◆ What is required: Take the lines from the beginning of the data below through the line holding "The inhibitory effect" and return exactly those.

[[ Provided material open ]]

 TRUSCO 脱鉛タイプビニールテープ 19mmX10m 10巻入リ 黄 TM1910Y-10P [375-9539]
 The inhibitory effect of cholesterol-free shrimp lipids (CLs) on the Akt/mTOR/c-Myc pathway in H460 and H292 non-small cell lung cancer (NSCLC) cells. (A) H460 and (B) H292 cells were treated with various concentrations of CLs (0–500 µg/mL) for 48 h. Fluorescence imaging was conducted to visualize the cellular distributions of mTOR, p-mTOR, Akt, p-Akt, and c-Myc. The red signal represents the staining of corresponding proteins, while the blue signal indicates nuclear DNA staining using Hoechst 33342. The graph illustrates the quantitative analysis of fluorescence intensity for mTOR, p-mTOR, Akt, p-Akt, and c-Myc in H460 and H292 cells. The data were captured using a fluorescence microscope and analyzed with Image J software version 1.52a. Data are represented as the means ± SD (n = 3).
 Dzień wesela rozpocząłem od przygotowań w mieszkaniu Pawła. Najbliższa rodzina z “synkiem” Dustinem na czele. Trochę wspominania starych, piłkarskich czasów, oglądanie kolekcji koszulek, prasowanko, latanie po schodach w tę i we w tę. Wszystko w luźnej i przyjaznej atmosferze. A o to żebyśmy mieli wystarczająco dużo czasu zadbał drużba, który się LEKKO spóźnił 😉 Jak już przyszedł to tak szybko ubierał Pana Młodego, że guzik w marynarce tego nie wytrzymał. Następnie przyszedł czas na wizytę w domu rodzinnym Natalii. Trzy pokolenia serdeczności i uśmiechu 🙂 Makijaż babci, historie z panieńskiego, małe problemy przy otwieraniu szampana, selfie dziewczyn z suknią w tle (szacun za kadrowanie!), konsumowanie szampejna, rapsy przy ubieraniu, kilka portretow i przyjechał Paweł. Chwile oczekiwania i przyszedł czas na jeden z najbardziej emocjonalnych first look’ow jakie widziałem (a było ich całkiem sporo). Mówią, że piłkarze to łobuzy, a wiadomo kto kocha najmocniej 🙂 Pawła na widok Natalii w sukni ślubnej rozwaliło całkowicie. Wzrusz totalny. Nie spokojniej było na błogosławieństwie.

[[ Provided material closed ]]

◆ Answer for this exercise:
 TRUSCO 脱鉛タイプビニールテープ 19mmX10m 10巻入リ 黄 TM1910Y-10P [375-9539]
 The inhibitory effect of cholesterol-free shrimp lipids (CLs) on the Akt/mTOR/c-Myc pathway in H460 and H292 non-small cell lung cancer (NSCLC) cells. (A) H460 and (B) H292 cells were treated with various concentrations of CLs (0–500 µg/mL) for 48 h. Fluorescence imaging was conducted to visualize the cellular distributions of mTOR, p-mTOR, Akt, p-Akt, and c-Myc. The red signal represents the staining of corresponding proteins, while the blue signal indicates nuclear DNA staining using Hoechst 33342. The graph illustrates the quantitative analysis of fluorescence intensity for mTOR, p-mTOR, Akt, p-Akt, and c-Myc in H460 and H292 cells. The data were captured using a fluorescence microscope and analyzed with Image J software version 1.52a. Data are represented as the means ± SD (n = 3).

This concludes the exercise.